The followings are the information of the columns of the output file:
ITD_breakpoint_pair(ITD-BPP)_1 | The positions of ITD breakpoint pairs. Plus(+) and minus(-) indicate the right and left breakpoint. |
---|---|
supported_reads(strand+) supported_reads(strand-) |
The ratio of the supported reads aligned to positive(negative) strand. |
ITD_breakpoint_pair(ITD-BPP)_2 | The positions of ITD breakpoint pairs. Plus(+) and minus(-) indicate the right and left breakpoint. |
supported_reads(strand+) supported_reads(strand-) |
The ratio of the supported reads aligned to positive(negative) strand. |
average_depth | The average sequencing depths |
chr(contig) start_position(contig) end_position(contig) |
The positions of assembled contig sequences. |
assembled_contig_sequence | The contig sequences by assembling support reads and their mate pairs. |
length | The lengths of assembled contig sequences. |
chr(OIN) start_position(OIN) end_position(OIN) |
The position of OIN. |
observed_inserted_nucleotide(OIN) | Unmapped parts of contig sequences. |
length(OIN) length(PDN) |
The lengths of OIN and PDN. |
selected_ITD-BPP | The reliability of ITD-BPP (1 or 2). If the pairs of ITD-BPP are idential, '1,2' is outputed. |
matched_bases / length(PDN) | the number of matched bases between OIN and PDN / length of PDN. |
length(OIN) / length(PDN) | length of OIN / length of PDN. |
matched_bases / length(OIN) | the number of matched bases between OIN and PDN / length of OIN. |
exon intron 5putr 3putr noncoding_exon noncoding_intron |
RefSeq Gene Name and Gene ID annotation. |
ens_gene | Ensamble Gene ID annotation. |
known_gene | Known Gene ID annotation. |
tandem_repeat | Simple Repeat annotation. |
inhouse inhouse_left_breakpoint inhouse_right_breakpoint |
The results of matching ITD to inhouse database. |
grade | grade (one of A, B and C) |
Copyright (c) 2013, Kenichi Chiba, Yuichi Shiraishi
Redistribution and use in source and binary forms, with or without modification, are permitted provided that the following conditions are met:
- Redistributions of source code must retain the above copyright notice, this list of conditions and the following disclaimer.
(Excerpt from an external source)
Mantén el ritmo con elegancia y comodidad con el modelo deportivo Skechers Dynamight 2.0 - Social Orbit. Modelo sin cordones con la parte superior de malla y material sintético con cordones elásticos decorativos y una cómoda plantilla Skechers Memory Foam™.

- Redistributions in binary form must reproduce the above copyright notice, this list of conditions and the following disclaimer in the documentation and/or other materials provided with the distribution.
- We ask you to cite one of the following papers using this software. ** ""
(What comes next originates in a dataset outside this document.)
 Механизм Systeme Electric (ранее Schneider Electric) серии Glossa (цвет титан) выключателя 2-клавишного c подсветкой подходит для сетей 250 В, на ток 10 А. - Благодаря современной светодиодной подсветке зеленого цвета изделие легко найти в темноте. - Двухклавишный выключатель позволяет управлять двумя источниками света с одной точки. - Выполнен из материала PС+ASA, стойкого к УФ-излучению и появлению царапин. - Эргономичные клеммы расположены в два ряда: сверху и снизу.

"THIS SOFTWARE IS PROVIDED BY THE COPYRIGHT HOLDERS AND CONTRIBUTORS "AS IS" AND ANY EXPRESS OR IMPLIED WARRANTIES, INCLUDING, BUT NOT LIMITED TO, THE IMPLIED WARRANTIES OF MERCHANTABILITY AND FITNESS FOR A PARTICULAR PURPOSE ARE DISCLAIMED. IN NO EVENT SHALL THE COPYRIGHT HOLDER OR CONTRIBUTORS BE LIABLE FOR ANY DIRECT, INDIRECT, INCIDENTAL, SPECIAL, EXEMPLARY, OR CONSEQUENTIAL DAMAGES (INCLUDING, BUT NOT LIMITED TO, PROCUREMENT OF SUBSTITUTE GOODS OR SERVICES; LOSS OF USE, DATA, OR PROFITS; OR BUSINESS INTERRUPTION) HOWEVER CAUSED AND ON ANY THEORY OF LIABILITY, WHETHER IN CONTRACT, STRICT LIABILITY, OR TORT (INCLUDING NEGLIGENCE OR OTHERWISE) ARISING IN ANY WAY OUT OF THE USE OF THIS SOFTWARE, EVEN IF ADVISED OF THE POSSIBILITY OF SUCH DAMAGE.